Further, there were baseline differences in ethnic subgroup representation between the laparoscopic, open, and robotic groups; most notably, there were a high percentage of African American patients in the open surgery group. As African American women may have a higher burden of fibroid disease, there may have been larger uterine size and number of fibroids in the open surgery group. This difference poses potential bias to the study. The robotic and laparoscopic groups contained smaller numbers of patients than the open surgery group and appeared reflective of the total cohort of surgeries over 15 years. This is similar to the overall distribution of surgical subgroups for this cohort described in our previous report comparing short-term outcomes between approaches [6]. Finally, the duration of follow-up for the robotic group is small due to the more recent adoption of this technique. Review of the included robotic cases confirmed that they were performed several years after robotic myomectomy was adopted at our institution and by experienced robotic surgeons; therefore, despite the smaller numbers, we believe that this data is accurate and would not be biased by the learning curve associated with acquiring robotic proficiency. Longer-term studies of robotic myomectomy outcomes are still desirable.

5. Conclusions

Compared with the standard open myomectomy technique, minimally invasive robotic and laparoscopic myomectomy appear to achieve similar outcomes over long-term follow-up. Both fertility and pregnancy outcomes as well as bleeding patterns are similar across surgical approaches. These data begin to address an important gap in our current literature and add to the overall supportive data surrounding minimally invasive surgical approaches to myomectomy. Reassuring long-term data combined with favorable comparisons of peri- and postoperative outcomes should prompt consideration of minimally invasive myomectomy whenever possible.

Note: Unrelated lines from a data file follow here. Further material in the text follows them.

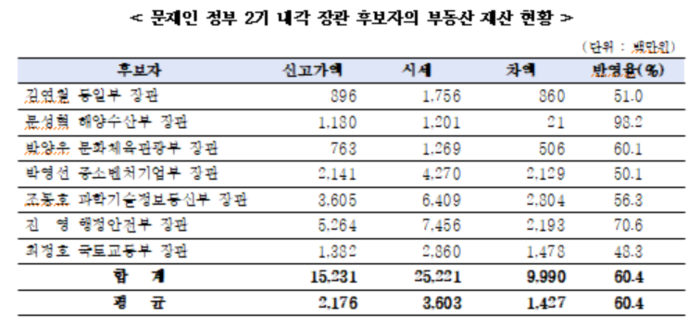 이어 ▲박영선 중기부 50.1%(신고가 21억4100만원, 시세 42억7000만원) ▲김연철 통일부 51.0%(8억9600만원, 17억5600만원) ▲조동호 과기부 56.3%(36억500만원, 64억900만원) ▲박양우 문체부 60.1%(7억6300만원, 12억6900만원) ▲진영 행안부 70.6%(52억6400만원, 74억5600만원) 순이었다. 반영률이 가장 높은 사람은 문성혁 해수부장관 후보였다. 신고가격 11억8000만원, 시세 12억100만원으로 반영률이 98.2%에 달했다.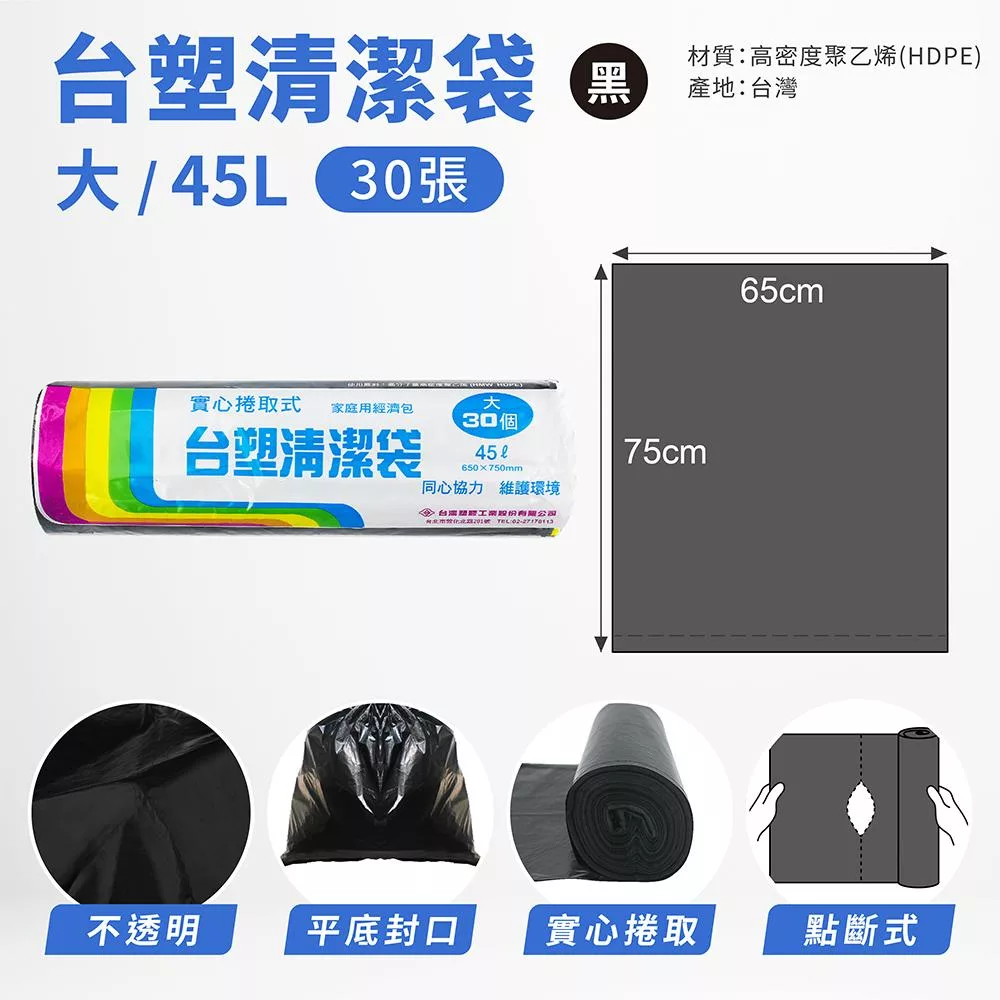 台塑 實心 清潔袋 垃圾袋 (大) (黑色) (45L) (65*75cm) (30捲)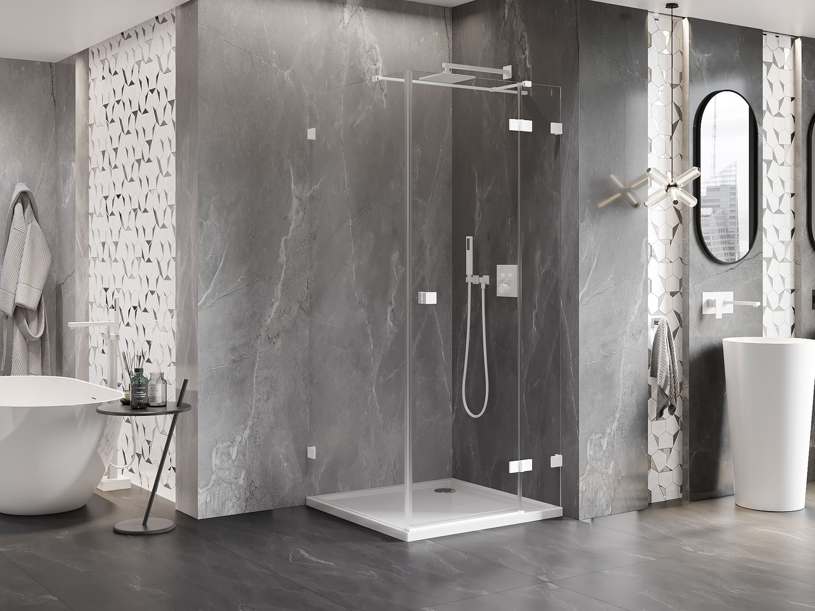 L'impugnatura pratica e comoda è realizzata in metallo durevole e resistente. La forma alla moda combinata con una finitura abbinata al colore dei profili conferisce all'insieme un aspetto moderno e elegante, enfatizzando l'estetica di ogni bagno.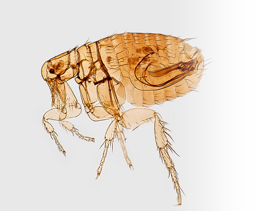 Fleas are tiny, wingless insects with flattened bodies, enabling them to move easily through fur or clothing. They have strong legs for jumping, making them hard to catch.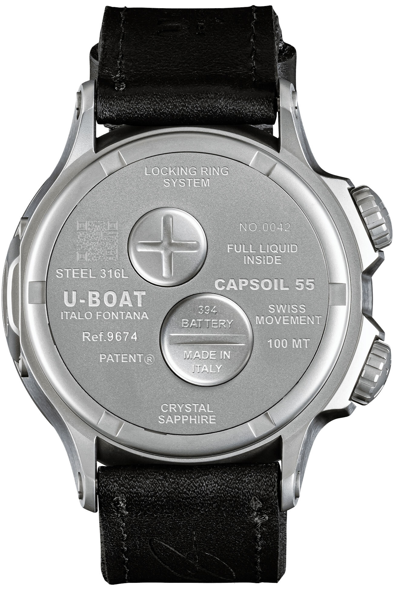 Stainless steel, completely filled with a special oil that emphasizes the dial, creating the illusion of the absence of glass, and an optical effect of a more intense black and higher legibility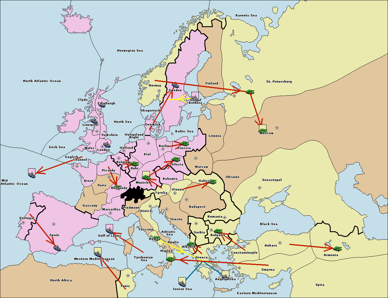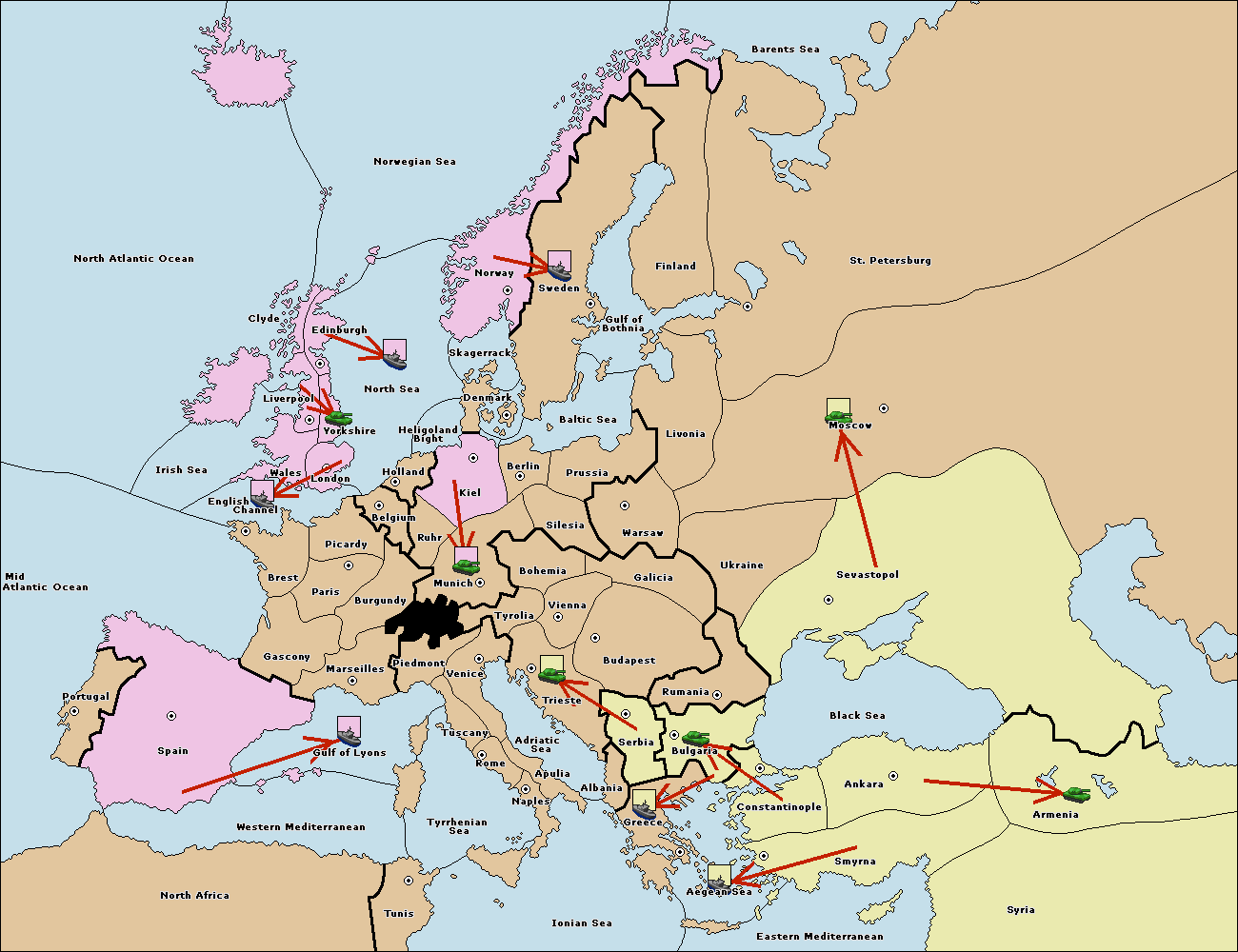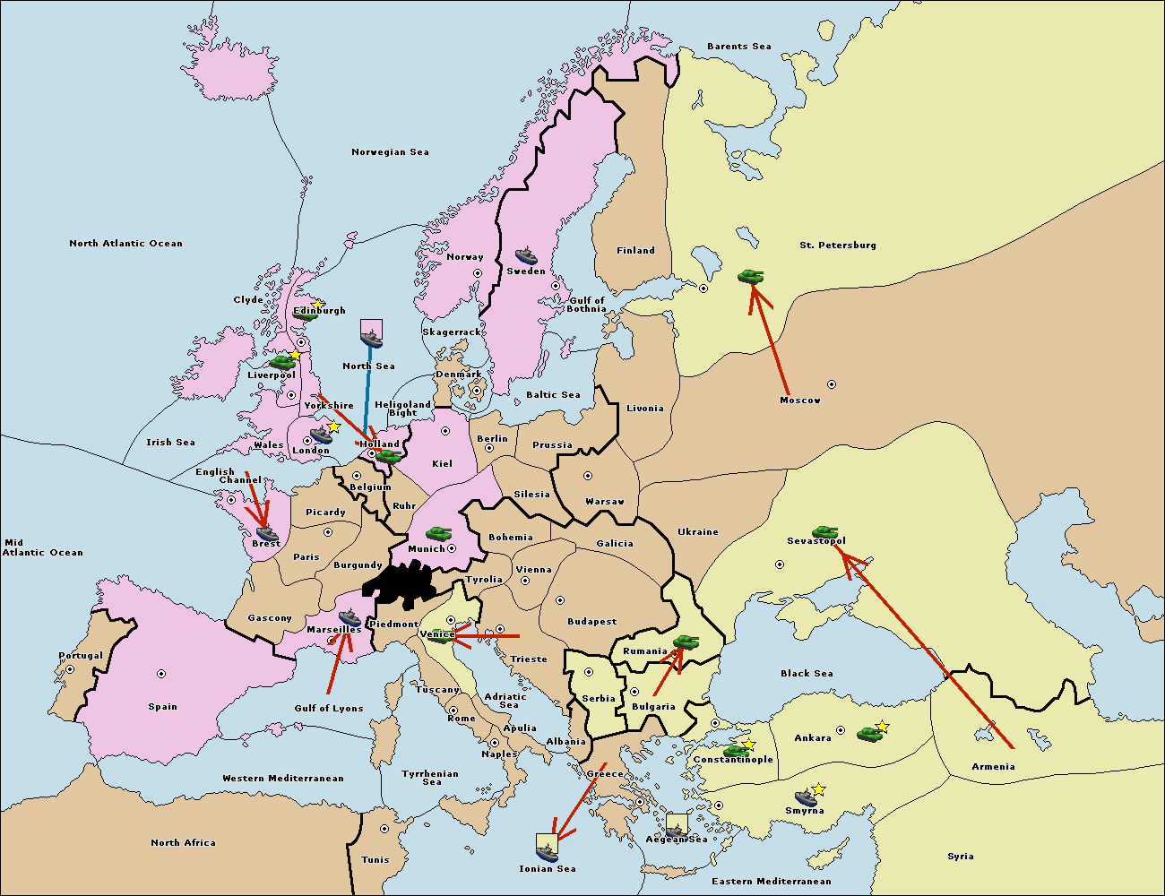 The fleet at Bulgaria (South Coast) move to Greece.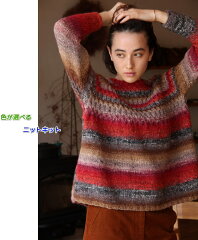 最後にご紹介するのは、毛糸 アルパカレジェーログラデーションで編む透かし模様の落ちないショール&段々がおもしろい帽子 セット ハマナカ・リッチモア 手編みキット 無料編み図 編み物キット 極太毛糸 マフラー ストール ニット帽。
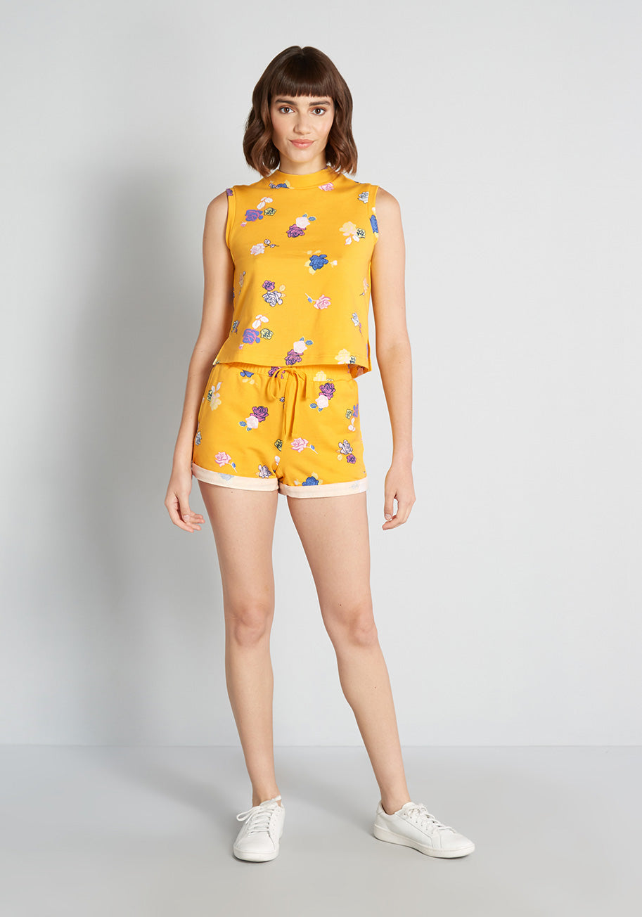 Get to the ease of your days and nights in this yellow ModCloth namesake label sleeveless tee. Made from a soft, breathable French terry knit, this top is a perfect, casual addition to your spring and summer wardrobe that still takes into account the need to relax. Featuring an all over print of our exclusive Neon Rose print that is made-up of multicolored, hand-illustrated rose motifs in bright neon hues of pink, blue, purple, yellow, and a solid white, that are scattered throughout, this tank is sure to pair well with just about anything, especially their matching shorts! With a mock neck and a subtly boxt fit, this sleeveless T-shirt is just as comfy as it is stylish.

Tables. Numeric variables are summarized by mean and standard deviation when they appear to have a normal distribution. For nonnormally appearing data, summaries are given as median and interquartile range. Categorical values are summarized by frequency and percentage. All comparisons are univariable and are performed by analysis of variance (for normal data), Kruskal-Wallis analysis of ranks (nonnormal data), and Chi-square tests. Normality is determined by visual inspection of histograms and QQ plots. Data were stored in a REDCap database and analyses are performed using R version 3.1.0 (2014-04-10).

Competing Interests

The authors report no conflict of interests.


The authors wish to acknowledge Dr. Stephen Zimberg from Cleveland Clinic Florida for his support and significant contribution of patients to the study.